* **TASK ITEM**
All lines from the first line of the material up to and including the line with "Green Dish, unmarked" must be copied exactly, and no others.

* **DATASET ENTRIES**
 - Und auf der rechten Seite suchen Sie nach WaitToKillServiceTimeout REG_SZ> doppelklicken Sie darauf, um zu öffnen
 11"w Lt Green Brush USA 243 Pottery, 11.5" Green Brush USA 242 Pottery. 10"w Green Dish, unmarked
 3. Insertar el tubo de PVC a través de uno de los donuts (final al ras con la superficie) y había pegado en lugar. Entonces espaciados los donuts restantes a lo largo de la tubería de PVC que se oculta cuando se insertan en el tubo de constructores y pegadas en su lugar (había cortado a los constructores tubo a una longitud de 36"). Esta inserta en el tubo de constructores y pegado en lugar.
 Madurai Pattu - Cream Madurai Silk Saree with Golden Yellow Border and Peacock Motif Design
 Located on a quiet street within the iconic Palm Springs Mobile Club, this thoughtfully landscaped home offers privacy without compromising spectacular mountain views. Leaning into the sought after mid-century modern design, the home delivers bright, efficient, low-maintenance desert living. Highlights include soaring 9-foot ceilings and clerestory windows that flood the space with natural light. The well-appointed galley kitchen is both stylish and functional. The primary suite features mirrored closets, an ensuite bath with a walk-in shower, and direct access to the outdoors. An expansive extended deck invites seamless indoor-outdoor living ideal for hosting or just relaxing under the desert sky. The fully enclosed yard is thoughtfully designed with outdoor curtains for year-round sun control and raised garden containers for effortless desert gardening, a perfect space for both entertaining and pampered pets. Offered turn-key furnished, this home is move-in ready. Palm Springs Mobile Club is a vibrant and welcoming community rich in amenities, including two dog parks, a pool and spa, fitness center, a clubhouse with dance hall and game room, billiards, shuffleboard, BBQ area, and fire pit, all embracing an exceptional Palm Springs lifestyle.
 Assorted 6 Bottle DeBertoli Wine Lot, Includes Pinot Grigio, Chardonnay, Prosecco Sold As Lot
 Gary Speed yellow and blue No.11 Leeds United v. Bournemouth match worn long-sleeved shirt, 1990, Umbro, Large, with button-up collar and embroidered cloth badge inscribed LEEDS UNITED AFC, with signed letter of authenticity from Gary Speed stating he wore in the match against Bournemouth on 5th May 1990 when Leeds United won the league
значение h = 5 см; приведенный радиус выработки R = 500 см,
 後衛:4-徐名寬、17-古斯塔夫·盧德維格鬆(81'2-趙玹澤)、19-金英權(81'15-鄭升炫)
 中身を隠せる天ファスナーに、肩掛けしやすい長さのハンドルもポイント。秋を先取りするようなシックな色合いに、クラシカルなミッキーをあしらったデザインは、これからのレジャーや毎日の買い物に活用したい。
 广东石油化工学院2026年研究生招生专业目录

* **REPLY TO THE EXERCISE**
 - Und auf der rechten Seite suchen Sie nach WaitToKillServiceTimeout REG_SZ> doppelklicken Sie darauf, um zu öffnen
 11"w Lt Green Brush USA 243 Pottery, 11.5" Green Brush USA 242 Pottery. 10"w Green Dish, unmarked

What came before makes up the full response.